How do the two implementations differ:

struct queue {

int a;

int b;

q_info *array;

};

and

struct queue {

int a;

int b;

q_info array[0];

};

网友答案:

The second struct does not use an array of zero elements - this is a pre-C99 trick for making flexible array members. The difference is that in the first snippet you need two mallocs - one for the struct, and one for the array, while in the second one you can do both in a single malloc:

size_t num_entries = 100;
struct queue *myQueue = malloc(sizeof(struct queue)+sizeof(q_info)*num_entries);

instead of

size_t num_entries = 100;
struct queue *myQueue = malloc(sizeof(struct queue));
myQueue->array = malloc(sizeof(q_info)*num_entries);

This lets you save on the number of deallocations, provides better locality of references, and also saves the space for one pointer.

Starting with C99 you can drop zero from the declaration of the array member:

struct queue {
    int a;
    int b;
    q_info array[];
};
网友答案:

These are completely different things:

  • The first contains a pointer to an external array.
  • the second is an inline array that happens to have zero elements.

The reason people do this is it's more space-efficient. You simply over-allocate the memory the struct needs, and then pretend the array has more elements then declared - the compiler won't mind (usually).

It also means you have one less pointer to dereference through, and you can allocate and free the memory for the struct and the array all in one.

Obviously, this trick only works when the array is the last element in the struct.

网友答案:

In the first one there is actually a pointer allocated in struct queue, and sizeof(struct queue) == 2 * sizeof(int) + sizeof(q_info*)

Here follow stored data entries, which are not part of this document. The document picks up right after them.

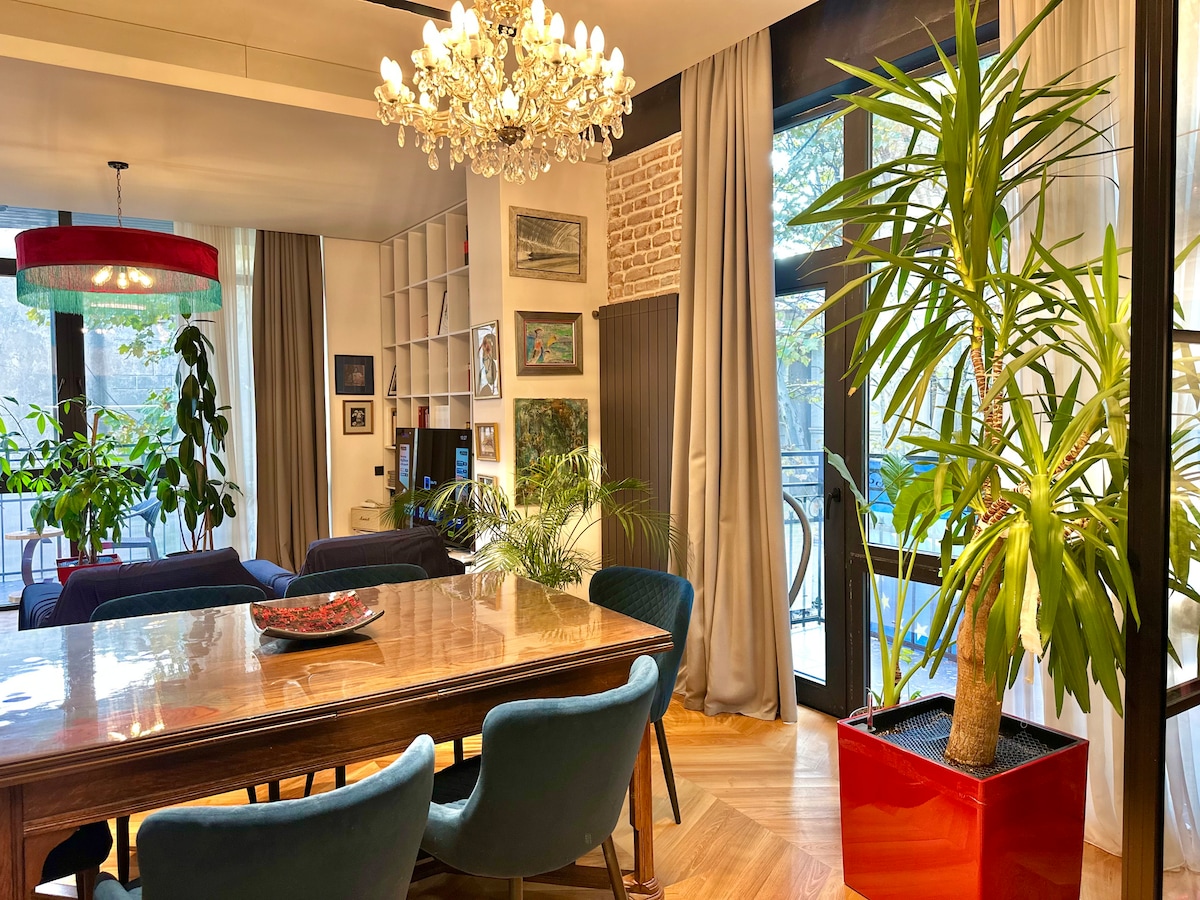 Book your stay at our charming designer loft and experience luxury living by the river! This pristine, cozy space in mint condition is fully equipped with modern amenities for a comfortable stay. Relax on a sofa, work at the desk with high-speed mesh WiFi, or enjoy the charming balcony with views of the Mtkvari river and lively Mtatsminda lights. Located on a quiet street near Marjanishvili Square, enjoy a peaceful retreat while being moments away from the city's top attractions.
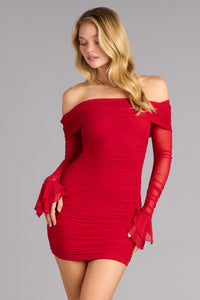 All eyes on the neckline. This off-shoulder mesh mini hugs every curve with a ruched bodycon fit, sheer long sleeves, and a foldover neckline that adds just the right touch of soft drama.
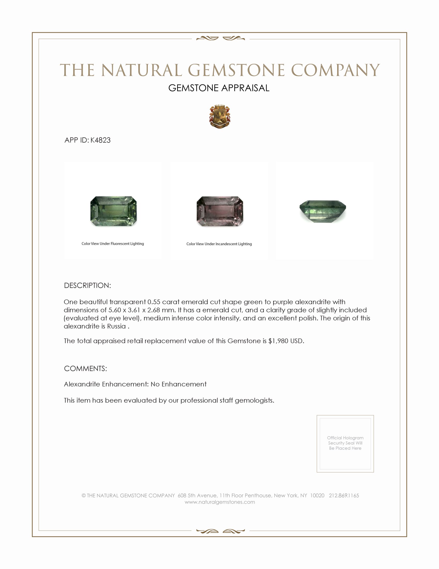 Whether you're searching for the perfect engagement ring or a statement piece for a special occasion, the 0.55 carat emerald cut alexandrite will exceed your expectations. Its ability to shift colors elegantly captures the spirit of timeless beauty and versatile style. Imagine owning a gemstone that not only embraces the majestic allure of its colors but also accentuates your style with unmatched sophistication. Such a gem redefines how you perceive luxury, elevating every ensemble to a new level of refinement.
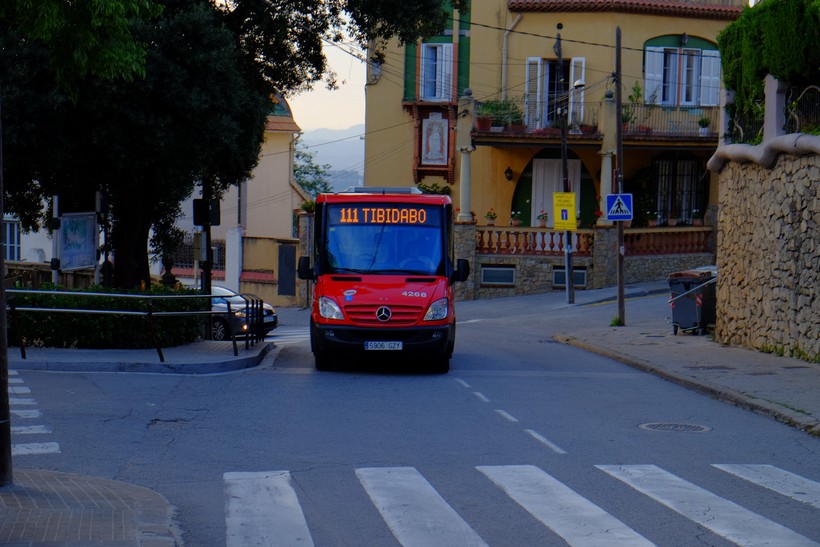 На улице, недалеко от выхода будет остановка автобуса № 111. Ее точное название — Funicular de Vallvidrera - Pl Pep Ventura. Этот автобус довезет вас прямо до вершины горы Тибидабо (конечная напротив храма Святого Сердца). Он красного цвета и небольшой, по виду напоминает скорее нашу маршрутку. Это также общественный транспорт, поэтому к валидатору прикладываете все тот же начатый проездной. Ехать около 10 минут до остановки Colоnia Tibidabo (их не объявляют, но храм сложно не заметить). Единственная сложность, автобус № 111 ходит не часто (раз в полчаса), поэтому необходимо заранее посмотреть расписание на сайте.

In the second one there is no pointer or anything named array really exists in struct queue, and sizeof(struct queue) == 2 * sizeof(int). This is known as a trick to conveniently reference the data before or later using array. I've used this trick in implementing a memory allocator.

网友答案:

For the zero-sized array member, you can, when you allocate the structure, allocate more memory than the size of struct queue (for example malloc(sizeof(struct queue) + sizeof(q_info) * 10)) to have a contiguous area of memory you can use. Then the array will be part of that memory allocated, and for the example allocation you have ten q_info entries in it.

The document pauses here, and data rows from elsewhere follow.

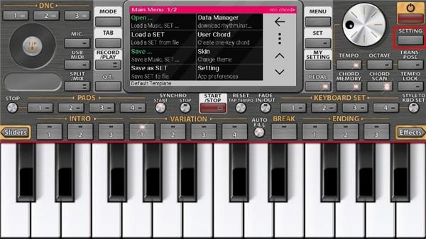 1、在本站下载安装,进入首页界面,用户可以发现ORG电子琴还是全英文的,点击界面的设置
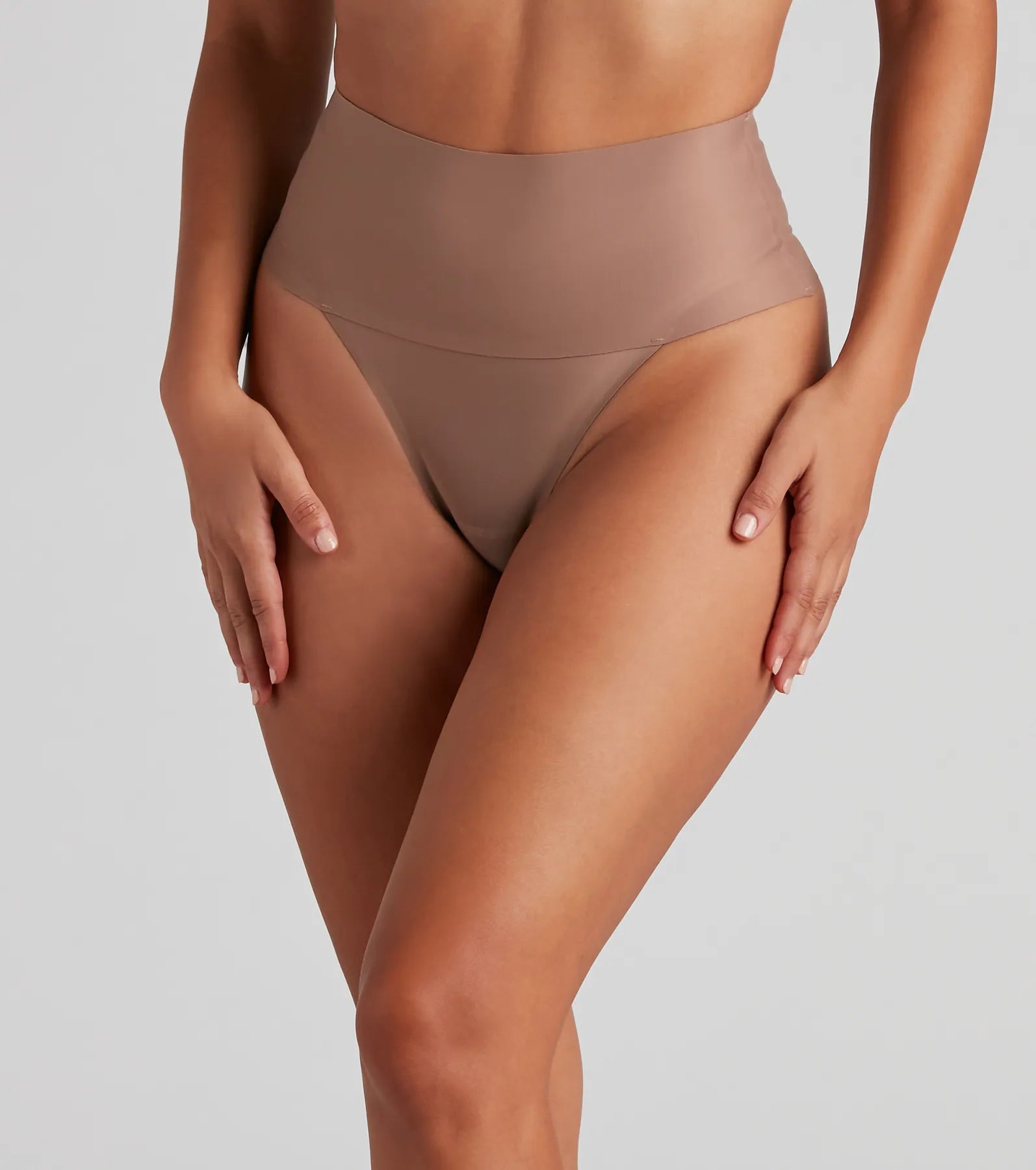 This mid-rise shapewear thong instantly creates a smooth and seamless look to any outfit! This tummy-control shapewear thong has a mid-rise fit made of a smooth and supportive material for a discreetly seamless look. Style this shaper thong under bodycon dresses. fitted pencil skirts. or form-fitting jumpsuits. Style this shaper under form-hugging bodycon dresses and fitted jumpsuits.
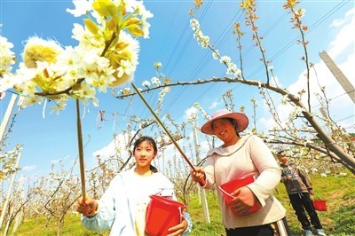 4月1日,在安徽省淮北市杜集区南山村禾林家庭农场,学生在梨园进行授粉劳动。李鑫 摄

For the pointer, you have to make two allocations, one for the queue structure, and one for the array member. You of course have to call free twice, once for the array pointer and once for the structure.

However, once allocated both can be used the same.

网友答案:
q_info array[0];

decays to a pointer because of the automatic conversion. However, it is not assignable. You cannot say

array = <some address of an object>;

afterwards.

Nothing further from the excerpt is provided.